If there’s one show that exemplifies the gulf we now have to cross, it’s Criminal Justice (2008). It had a great writer in Peter Moffat, a major star in Ben Whishaw and won a slew of awards. But compare it to the American remake, The Night Of (HBO on-demand). In eight parts, not five, it’s edgier, darker, more violent — simply more cinematic. John Turturro as a public defender with an allergy to cats and a rotting skin disease — there was no such character in the UK version — and the very ambiguous ending both separate the show from the original and effortlessly demonstrate how far TV has travelled.
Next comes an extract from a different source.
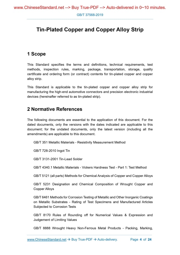 Similar standardsGB/T 37568-2019: Tin-Plated Copper and Copper Alloy Strip---This is an excerpt. Full copy of true-PDF in English version (including equations, symbols, images, flow-chart, tables, and figures etc.), auto-downloaded/delivered in 9 seconds, can be purchased online: https://www.ChineseStandard.net/PDF.aspx/GBT37568-2019NATIONAL STANDARD OF THE PEOPLE’S REPUBLIC OF CHINA ICS 77.150.30 H 62 Tin-Plated Copper and Copper Alloy Strip ISSUED ON: JUNE 04, 2019 IMPLEMENTED ON: MAY 01, 2020 Issued by: State Administration for Market Regulation; Standardization Administration of PRC. Table of ContentsForeword ... 3 1 Scope ... 4 2 Normative References ... 4 3 Terms and Definitions ... 5 4 Technical Requirements ... 6 5 Test Methods ... 14 6 Inspection Rules ... 16 7 Marking, Package, Transportation, Storage and Quality Certificate ... 18 8 Ordering Form (or Contract) Contents ... 19 Appendix A (Normative) Test Method for Weldability of Tin-Plated Copper and Copper Alloy Strip – Vertical-Dip Method ... 20 Appendix B (Normative) Coating Thickness Measurement of Tin-Plated Copper and Copper Alloy Strip – X-Ray Method ... 23 Tin-Plated Copper and Copper Alloy Strip1 ScopeThis Standard specifies the terms and definitions, technical requirements, test methods, inspection rules, marking, package, transportation, storage, quality certificate and ordering form (or contract) contents for tin-plated copper and copper alloy strip. This Standard is applicable to the tin-plated copper and copper alloy strip for manufacturing the high-end automotive connectors and precision electronic industrial devices (hereinafter referred to as tin-plated strip).2 Normative ReferencesThe following documents are essential to the application of this document. For the dated documents, only the versions with the dates indicated are applicable to this document; for the undated documents, only the latest version (including all the amendments) are applicable to this document. GB/T 351 Metallic Materials - Resistivity Measurement Method GB/T 728-2010 Ingot Tin GB/T 3131-2001 Tin-Lead Solder GB/T 4340.1 Metallic Materials - Vickers Hardness Test - Part 1: Test Method GB/T 5121 (all parts) Methods for Chemical Analysis of Copper and Copper Alloys GB/T 5231 Designation and Chemical Composition of Wrought Copper and Copper Alloys GB/T 6461 Methods for Corrosion Testing of Metallic and Other Inorganic Coatings on Metallic Substrates - Rating of Test Specimens and Manufactured Articles Subjected to Corrosion Tests GB/T 8170 Rules of Rounding off for Numerical Values & Expression and Judgement of Limiting Values GB/T 8888 Wrought Heavy Non-Ferrous Metal Products - Packing, Marking, Transporting and Storing GB/T 9286 Paints and Varnishes – Cross Cut Test for Films GB/T 26303.3 Measuring Methods for Dimensions and Shapes of Wrought Copper and Copper Alloys - Part 3: Sheets and Strips GB/T 32791 Electromagnetic (Eddy-Current) Examination Method for Electrical Conductivity of Copper and Copper Alloys GB/T 34505-2017 Copper and Copper Alloy Materials - Tensile Testing at Room Temperature YS/T 482 Method for Analysis of Copper and Copper Alloys - The Atomic Emission Spectrometry YS/T 483 Methods for Analysis of Copper and Copper Alloys - X-Ray Fluorescence Spectrometric (Wavelength Dispersive) YS/T 668 Sampling Method of Physical and Chemical Testing for Copper and Copper Alloys YS/T 815 Preparation Method of Test Pieces for Mechanical and Technological Properties of Copper and Copper Alloys3 Terms and DefinitionsFor the purposes of this document, the following terms and definitions apply. 3.1 Tin plating strip The strip that uses electrochemical principal or physical means to attach a tin metal layer with uniform thickness on the surface of copper and copper alloy strip. 3.2 Reflow electro-tinning strips; RFSn After the matt tin plating treatment, the copper and copper alloy strips are subjected to the reflow surface treatment to form a tin plating strip with tin-layer of a glassy and smooth surface. 3.3 Hot-dip tinning strips; HDSn The tin plating strip that make the copper and copper alloy strip to smelt tin through dipping method; and plate the tin layer with the same thickness on both sides of the copper and copper alloy strip. The chemical composition analysis of the base metal of tin plating strip shall be carried out as per the provisions of GB/T 5121 (all parts) or YS/T 482 or YS/T 483; while the arbitration shall be carried out as per the provisions of GB/T 5121 (all parts).The chemical composition analysis of the tin raw material of hot-dip tinning strip shall be carried out as per the provisions of GB/T 728-2010. The chemical composition analysis of the tin raw material of reflow electro-tinning strip shall be determined through the negotiation between the supplier and the purchaser. 5.2 Appearance dimension and its allowable deviation 5.2.1 The tests on the base metal and appearance dimension of tin plating strip shall be carried out as per the provisions of GB/T 26303.3. 5.2.2 The thickness measurement of tin plating layer shall be carried out as per the Appendix B. 5.3 Mechanical properties The tensile test of base metal of tin plating strip shall be carried out as per the provisions of GB/T 34505-2017; the specimen number shall be P4 in Table 3 of GB/T 34505-2017. The Vickers hardness test shall be carried out as per the provisions of GB/T 4340.1. 5.4 Electrical properties The electrical property test of base metal of tin plating strip shall be carried out as per the provisions of GB/T 351 or GB/T 32791; while the arbitration test shall be carried out as per the provisions of GB/T 351. 5.5 Weldability The weldability test of the tin plating strip shall be carried out as per the provisions of Appendix A. 5.6 Adhesion The coating adhesion test of the tin plating strip shall be carried out as per the provisions of GB/T 9286 or as per the method agreed between the supplier and the purchaser. 5.7 Oxidation resista

We should be grateful that British writers like Sally Wainwright (Happy Valley) and Jed Mercurio (Line of Duty) show no sign of absconding, but they must be tempted. Programmes made in this country can seem very small and parochial… the action in the last episode of Line of Duty amounted to one machine-gunned window and a chase down a (quiet) street. Even the jewel in our own crown, Downton Abbey, it was said, began to look like a school play when it was compared to The Crown.
You could try and cast an English actor in his thirties or forties. But they’ve all gone to America. Try to shoot in London. The Americans have all the locations and they’re paying more than we can possibly afford. Companies like Netflix are cheerfully appropriating our talent, our ideas and even our royal family. For audiences and for some writers this is a golden age. But perhaps we should be worrying about what is being left behind.